Elena Marchetti, YuSMP Group
Elena Marchetti Head of Product (SaaS), YuSMP Group · Berät Software- und Produktteams in der DACH-Region zu Build-vs-Buy-Entscheidungen und skalierbaren Delivery-Modellen
Gläserne Firmenzentrale in der Abenddämmerung mit einer Skyline im Hintergrund und leuchtenden digitalen Netzwerklinien, die zu zwei Server-Racks führen — Symbol für die grenzüberschreitende Übernahme eines deutschen SAP-Dienstleisters

Die kurze Antwort

VINCI Energies, die ICT-Sparte des französischen VINCI-Konzerns, hat die Kontrolle über All for One übernommen — einen der wichtigsten SAP-Partner des deutschsprachigen Mittelstands. Bis zum 9. September 2026 waren 83,56 Prozent der Aktien gesichert, das Barangebot lag bei 67,50 Euro je Aktie (rund 95 Prozent Aufschlag auf den Schlusskurs vor Ankündigung). Die reguläre Annahmefrist lief bis zum 15. September, eine weitere Frist bis zum 2. Oktober. Vorstand und Aufsichtsrat von All for One hatten das Angebot zur Annahme empfohlen.

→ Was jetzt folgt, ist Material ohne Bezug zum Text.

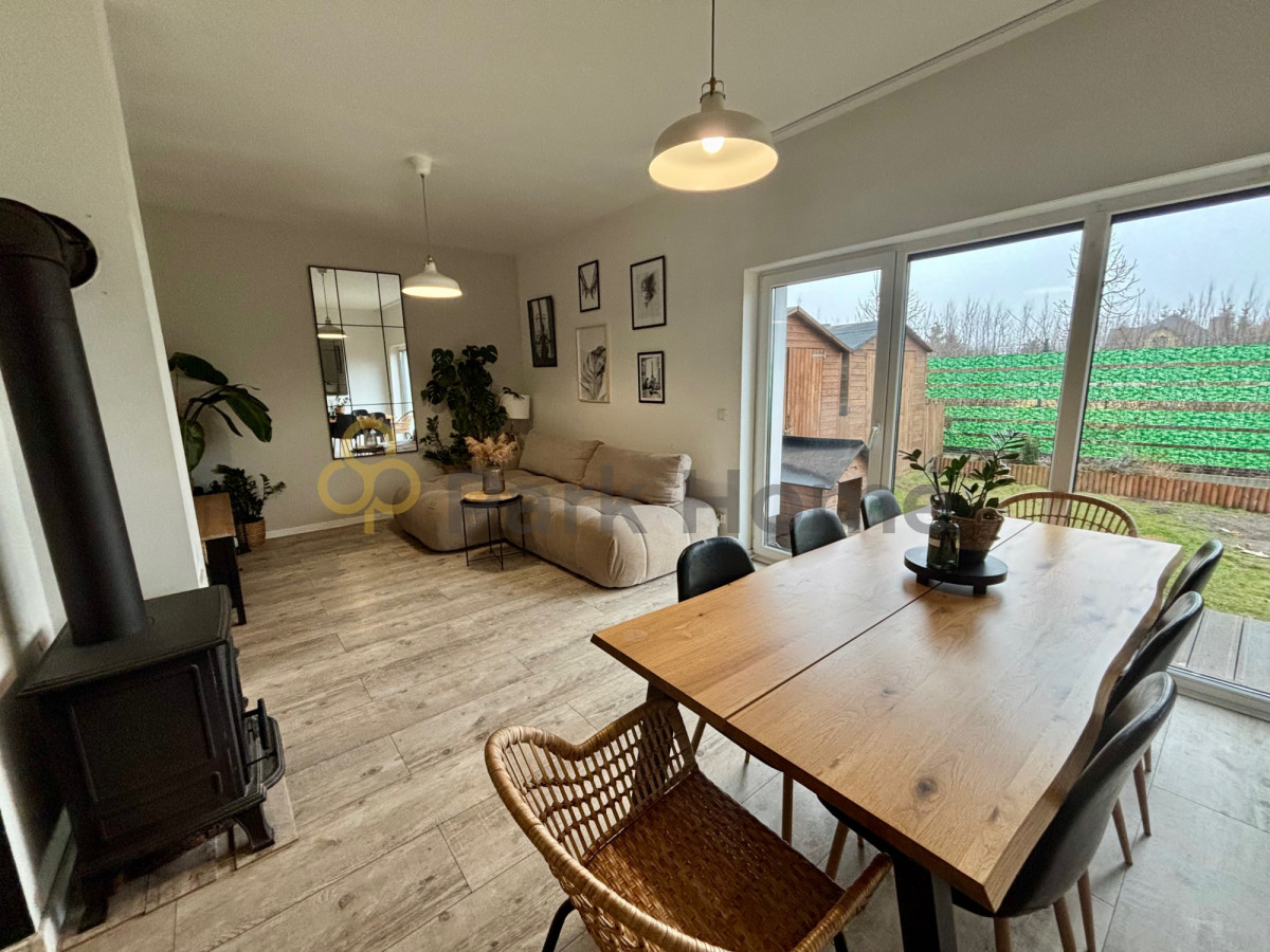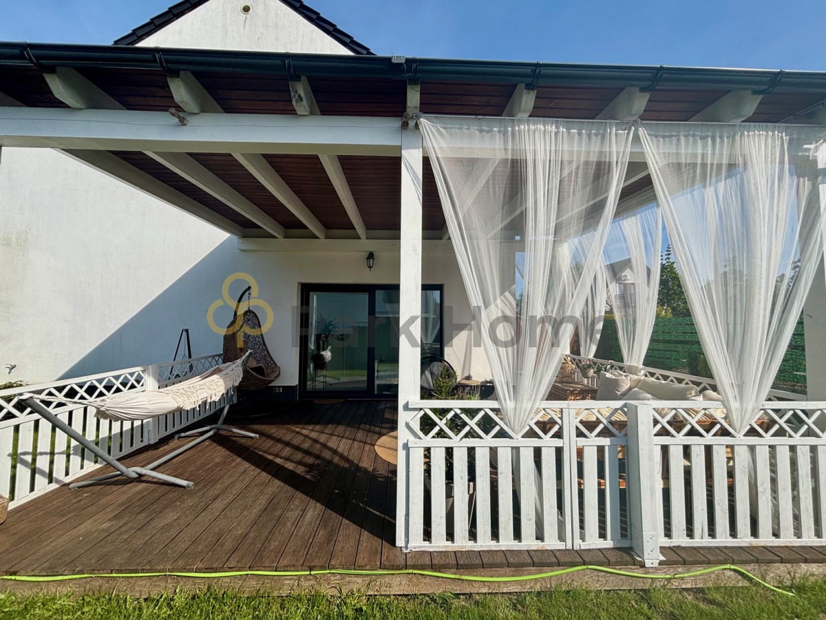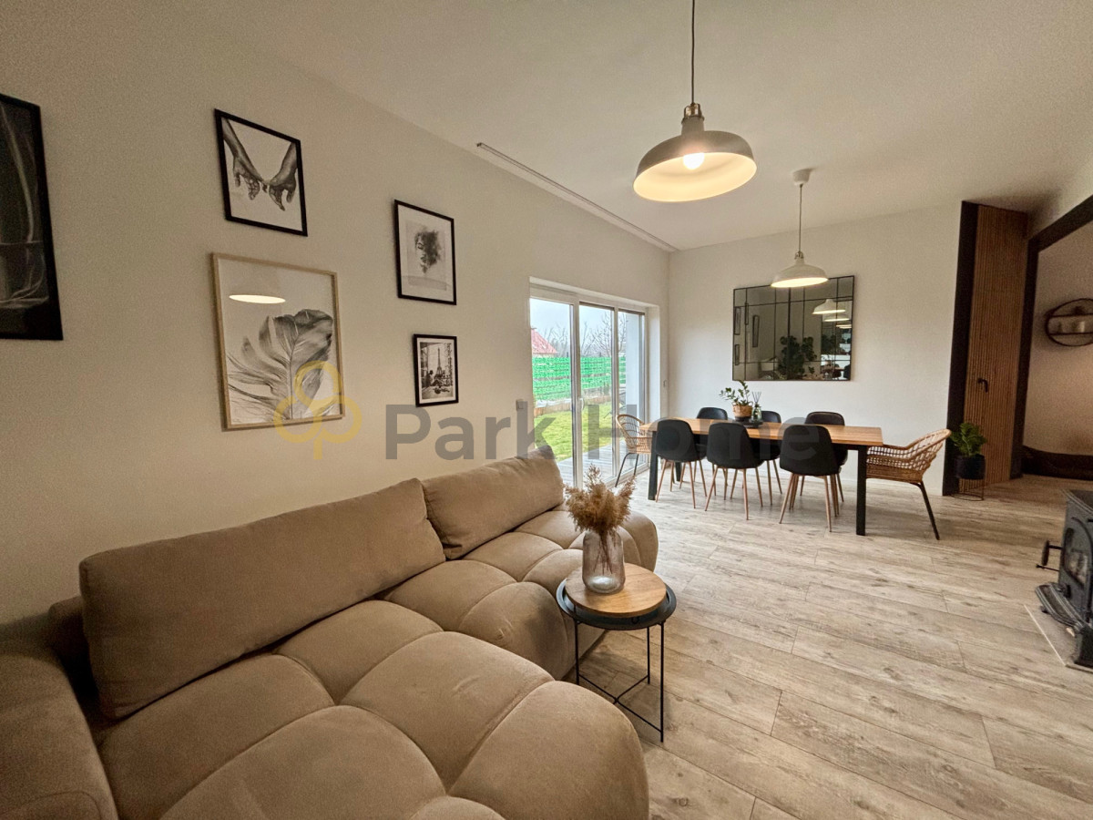 Dom w pełni wykończony i zaaranżowany przez obecnych właścicieli. Okna trzyszybowe wraz z roletami zewnętrznymi sterowanymi elektrycznie, drzwi antywłamaniowe, brama wjazdowa do garażu, piec gazowy, ogrzewanie gazowe, podłogowe i kominek. W pełni zaaranżowany ogród ze strefą relaksu na tarasie, zadbanym trawnikiem i nasadzeniami.

Für den DACH-Markt ist die eigentliche Nachricht nicht der Preis, sondern das Muster: SAP-Kapazität für den Mittelstand bündelt sich bei immer wenigeren, immer größeren Anbietern — ausgerechnet in der Phase, in der Tausende Unternehmen ihre digitale Transformation rund um SAP S/4HANA planen müssen.

Was genau passiert ist

Am 16. Juli 2026 hatten All for One und VINCI Energies eine Zusammenschlussvereinbarung (Business Combination Agreement) unterzeichnet. VINCI Energies legte über eine deutsche Tochtergesellschaft ein öffentliches Übernahmeangebot von 67,50 Euro je Aktie in bar vor — ein Aufschlag von rund 95 Prozent auf den Xetra-Schlusskurs vom 15. Juli und über 105 Prozent auf den volumengewichteten Dreimonatsdurchschnitt. Bereits vor Angebotsstart hatte sich der Bieter unwiderrufliche Andienungszusagen für gut die Hälfte des Grundkapitals gesichert.

Nach Veröffentlichung der Angebotsunterlage am 12. August empfahlen Vorstand und Aufsichtsrat die Annahme. Bis zum 9. September 2026 meldete VINCI Energies dann, bereits 83,56 Prozent der Aktien zu halten — eingesammelt über das Angebot sowie über Börsen- und außerbörsliche Zukäufe. Damit war die Mindestannahmeschwelle von 75 Prozent plus einer Aktie klar überschritten. Eine weitere (gesetzliche) Annahmefrist lief noch bis zum 2. Oktober, in der verbleibende Aktionäre andienen konnten.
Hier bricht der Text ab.